Do you remember Lt. Commander Data from Star Trek? If you do, you probably also remember that Data was much more than a highly advanced and extremely skilled android officer serving the USS Enterprise crew. He was also a complex “being” endowed with many humanlike characteristics, including empathy and compassion, which turned him into a true friend. Now, can you imagine him as your boss? How cool would that be?
While we all know that characters like Star Trek’s Data are fictional, working for a robo-boss is a scenario not that far from reality. Although androids are not living among us—not yet, anyway—many of us already have intelligent apps or machines as “teammates” or “bosses”.
AI software solutions work by collecting data, analysing it, and responding accordingly. However, what’s really great about the most advanced AI models is that they are able to continuously adapt to new data, regardless of how complex it is, and learn from their “own experience”—just like Lt. Commander Data.
Examples? Well, there are plenty of them, from robot vacuum cleaners to self-driving cars. For those who argue the limited capacity of these systems to learn and evolve, here are several amazing technologies equipped with machine learning algorithms, which allow them to improve themselves based on the information they collect:
- Industrial or humanoid robots – Used alongside advanced automation systems in manufacturing, construction, and warehousing sectors, robots are getting better at performing a wide variety of tasks. One example is the humanoid robot used by Amazon in some of its warehouses.
- AI-powered traffic control systems – By providing real-time insights, these systems can help optimise traffic flow, reduce congestion, and improve safety. But they can also connect to other systems for different purposes, such as delivery route optimisation for more reliable and efficient supply chain operations.
- Algorithmic wage-setting systems – These systems can differentiate wage rates automatically, based on different criteria, such as work schedules, amount of work, and location. Likewise, AI algorithms are currently utilised to evaluate retail employees and customer service agents based on their interactions with customers.
- AI chatbots and virtual assistants – These apps have proven to improve customer and agent experience by answering basic questions and reducing wait times. According to a Gartner report, AI chatbots and virtual assistants are expected to handle about 25% of basic interactions by 2027.
- AI-powered air traffic management – Numerous AI technologies are being tested to make air traffic more predictable, efficient, and safe. Air traffic optimisation will also lower fuel consumption and reduce CO2 emissions.
- AI weather apps – AI-based weather forecasting systems can provide highly accurate weather predictions and improve warning times for extreme weather events.

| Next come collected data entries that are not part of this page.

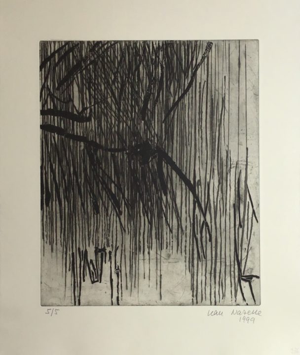 Gravure n°236 Artiste NAZELLE Jean (Jean Hürlimann) Numéro d'inventaire FAA-NJ-5497 Titre inconnu Dénomination Gravure n°236 Année 1999 Technique / Support Papier, Pointe sèche, Aquatinte Catégories Non figuratif Signature / Datation « Jean Nazelle / 1999 » bd Remarques - Signature, date et justification « 5/5 » au recto. Agrandir l'image Découvrez l'artiste NAZELLE Jean (Jean Hürlimann) (CH) 24 décembre 1929 / 1 juillet 2018 Gravure, Aquarelle Fonds géré par la FAA Consulter sa fiche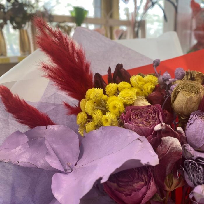 Сухоцветы – 25 шт.Упаковка – 5 шт.Лента атласная – 1 шт.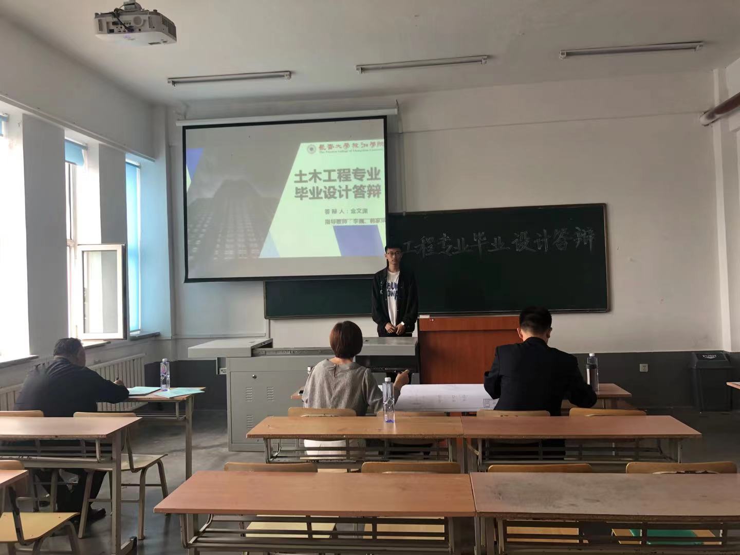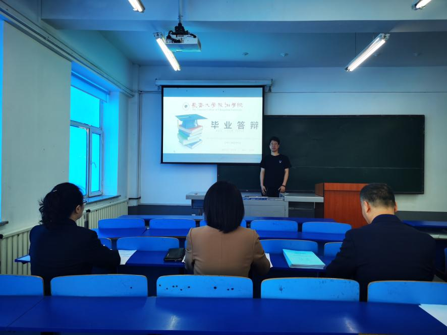 根据学校《2021届本科毕业论文答辩安排及要求》,答辩前,答辩组长组织答辩老师熟悉答辩流程并熟悉学生论文内容,方便提问。严格按照学校防疫工作要求,答辩教室提前做好消毒、通风工作。答辩教室悬挂条幅,室内环境整洁。答辩时,答辩组成员和毕业生均着正装,并全程安排拍照留存记录。各答辩小组确定通过答辩资格审查学生名单后,学生方可答辩。先由每一位学生简单介绍自己毕业论文(设计)的选题依据以及主要研究内容,然后答辩组教师从专业角度向学生提出问题和修改意见,学生有3-5分钟时间回答老师提出的问题,并对老师们提出的宝贵意见和建议虚心接受,答辩过程秩序井然,规范严谨。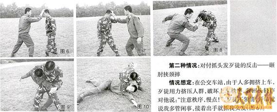 情况想定:在公交车站,由于人多拥挤上车,歹徒用力挤压人群,破坏上车秩序,我回头轻声对他说:“注意秩序,慢点!”,歹徒不领情,开口就说我多管闲事,接着出手就抓我头发(图6)。反击过程:我左手迅速扣握敌右手,避免敌进一步实施攻击(图7);接着,我右手臂迅速上抬,由上向下猛砸敌肘,迫敌下蹲松手(图8);随即,我右脚在敌右后上步,右手臂猛挟敌颈(图9);同时,身体左后转体,将敌摔倒制服(图1O)。

- AI applications in the biomedical engineering field – These apps allow researchers to enhance diagnostic accuracy and offer more personalised treatments. Furthermore, the advent of AI technologies has led to the development of more precise medical devices that can revolutionise preventive healthcare by predicting potential health issues before they become critical.
- Human identification systems – Looking ahead, AI technologies offer promising avenues for future development of advanced biometric interfaces that can significantly enhance security and safety protocols by providing more accurate and reliable facial, speech, iris, and fingerprint verification methods.
- Ride-sharing and food delivery platforms are another good example. In this case, the software solutions powered by advanced AI algorithms can connect customers to businesses and drivers or riders without human intervention. That is possible thanks to AI systems’ ability to automatically collect, analyse, extract, and transfer various types of data over pre-set networks.
These examples are just a glimpse into the diverse applications of AI across different industries. As AI continues to evolve, we will definitely see even more exciting developments in the future. But this promise is not without pitfalls.
The widespread adoption of AI has already led to situations in which flawed decisions were made by algorithms due to a lack of contextual understanding. From algorithmic wage discrimination, unfair penalties, wrongful termination of contracts, and revoked worker access as a result of failed identification checks to selective and biased censorship on different online platforms, a series of cases have proven that AI algorithms currently lack the ability to apply common sense reasoning to real-life scenarios.
As AI is becoming a more integral part of our daily lives, a better regulatory and supervisory framework will be needed in order to ensure greater transparency in AI decision-making processes and protect fundamental human rights, such as freedom of speech and equal pay for doing “equal work”.